Document Bailing Out Errors in Bulk Update Mode Resulting in Crashing the Entire Spark Job

(Rajivchodisetti) #1

HI Guys,

First of all will explain my use case and the problem that am facing right now,

We have a use case where we have modeled the data as time-series indices i.e one index for each month and again each monthly index would contain data at (date + product_id) grain and these indices contain few product attributes which are gonna change w.r.t time and we can't model this use case as Parent Child relationship where Parent contain the product attributes and Child contain the metrics fields because of some limitation like Filters(both parent n child context at a time) like ( MRP > 999 OR ROS > 5) are not possible, because MRP is a dimensional attribute and so part of parent and ROS(rate of sale) is a field calculated in child context.

So, because of this limitation, we have de-normalised the structure and when ever there is a change in product attribute, we revisit all the entries in all the indices and update the same.

Right now am using ES-Hadoop bulk update API for the same and the problem that am facing with Bulk Update API is, if a date+product_id combination doesn't exist then that update will fail with document bailing out error and eventually Spark job will also fail.

To avoid these errors, every day I join product updates with the fact table to figure out whether a record exist for that particular day or not in ES and only route the corresponding updates to ES and this join with fact table for 24 months duration (24 monthly indices) is quite expensive and it doesn't scale

So, is there any way where ES just ignores those updates for which the corresponding doc doesn't exist without error out the entire Spark job and if this is possible, then I can avoid the expensive fact table join and will send all possible combination of updates to ES and where ever matching docs doesn't exist those updates should simply be ignored.

My Config:
val elasticConf = collection.mutable.MapString, String
elasticConf += ("es.nodes" -> AppConfig.config.fifa_es_nodes)
elasticConf += ("es.write.operation" -> "update")
elasticConf += ("es.clustername" -> AppConfig.config.cluster_name)
elasticConf += ("es.port" -> "9200")
elasticConf += ("es.resource" -> indexName)
elasticConf += ("es.nodes.discovery" -> "false")
elasticConf += ("es.nodes.wan.only" -> "true")
elasticConf += ("es.batch.write.retry.count" -> "2")
elasticConf += ("es.batch.size.entries" -> "1000")
elasticConf += ("es.batch.size.bytes" -> "20mb")

if(! StringUtils.isEmpty(primary_key))
elasticConf += ("" -> primary_key)


(James Baiera) #2

As of 6.2 you might be able to use a custom bulk failure handler to ignore update failures and continue processing, but I feel compelled to mention that this sort of write pattern does not seem well structured for Elasticsearch. Perhaps it might make sense to give your data model some more thought in order to get it to work easier with Elasticsearch.

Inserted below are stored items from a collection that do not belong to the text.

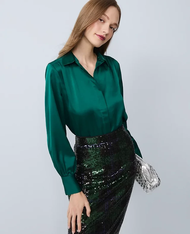 Ann Taylor Collared Satin Blouse Size XL Black Women's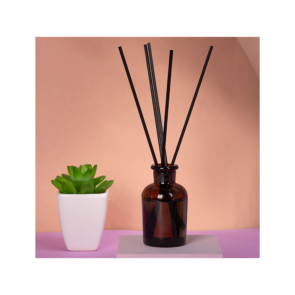 - Комплектность коробка, стеклянная бутылочка с аромажидкостью, фибровые палочки - 5 шт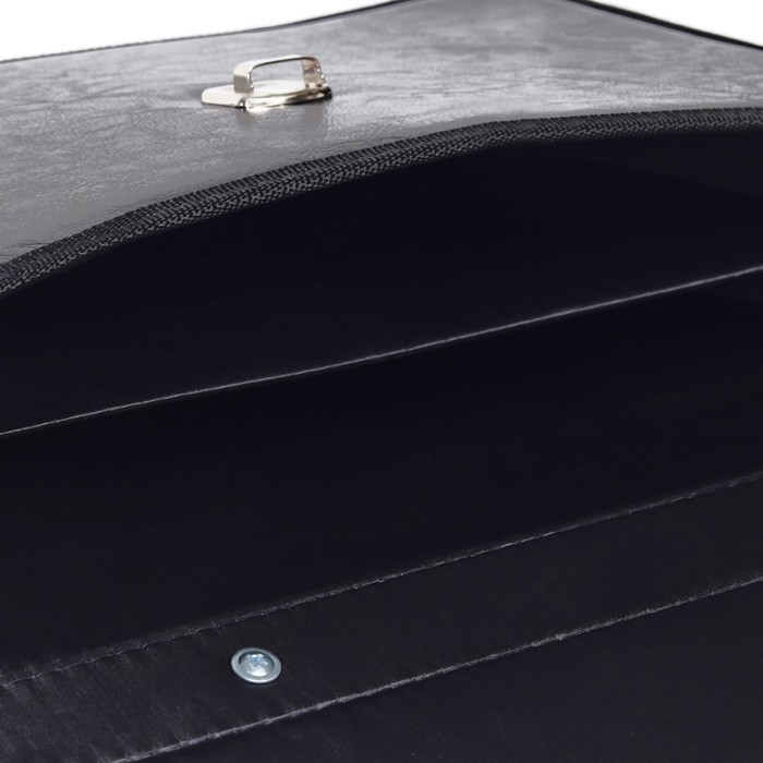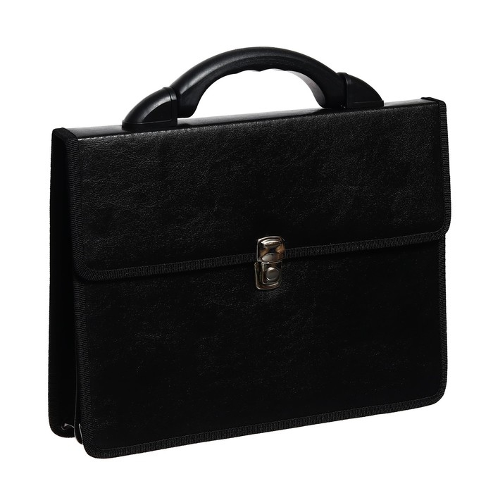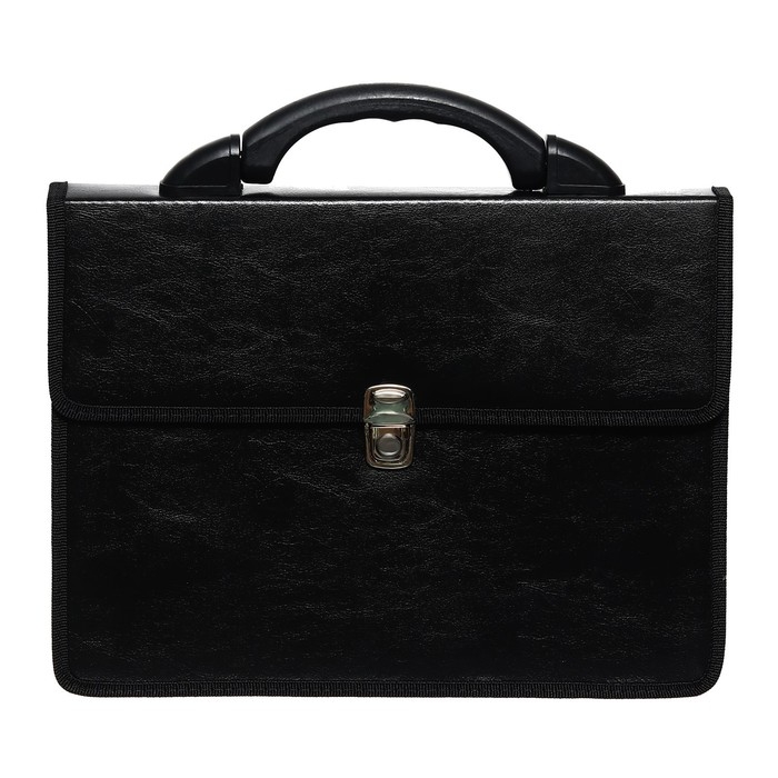 Портфель с пластиковой ручкой, меняющая положение, изготовлен из высококачественного кожзаменителя «Люкс», чёрного цвета, 2 – отделения.

Barring all else, the bulk handler will most likely help you get past the issue, but you should be prepared to spend a decent amount of compute time ignoring errors in that case.

(Rajivchodisetti) #3

Thanks James, Will take a look at es-hadoop 6.2 bulk failure handler.

And I do agree that the data model is not optimal but after one month of brainstorming evaluating multiple approaches we decided on this approach but sure will continue thinking about it avoiding UN-necessary look-ups for updates. One approach that I could immediately think is maintaining a product master which contain one entry for each product and when did it first appeared and last appeared which should limit the no of updates

(system) #4

This topic was automatically closed 28 days after the last reply. New replies are no longer allowed.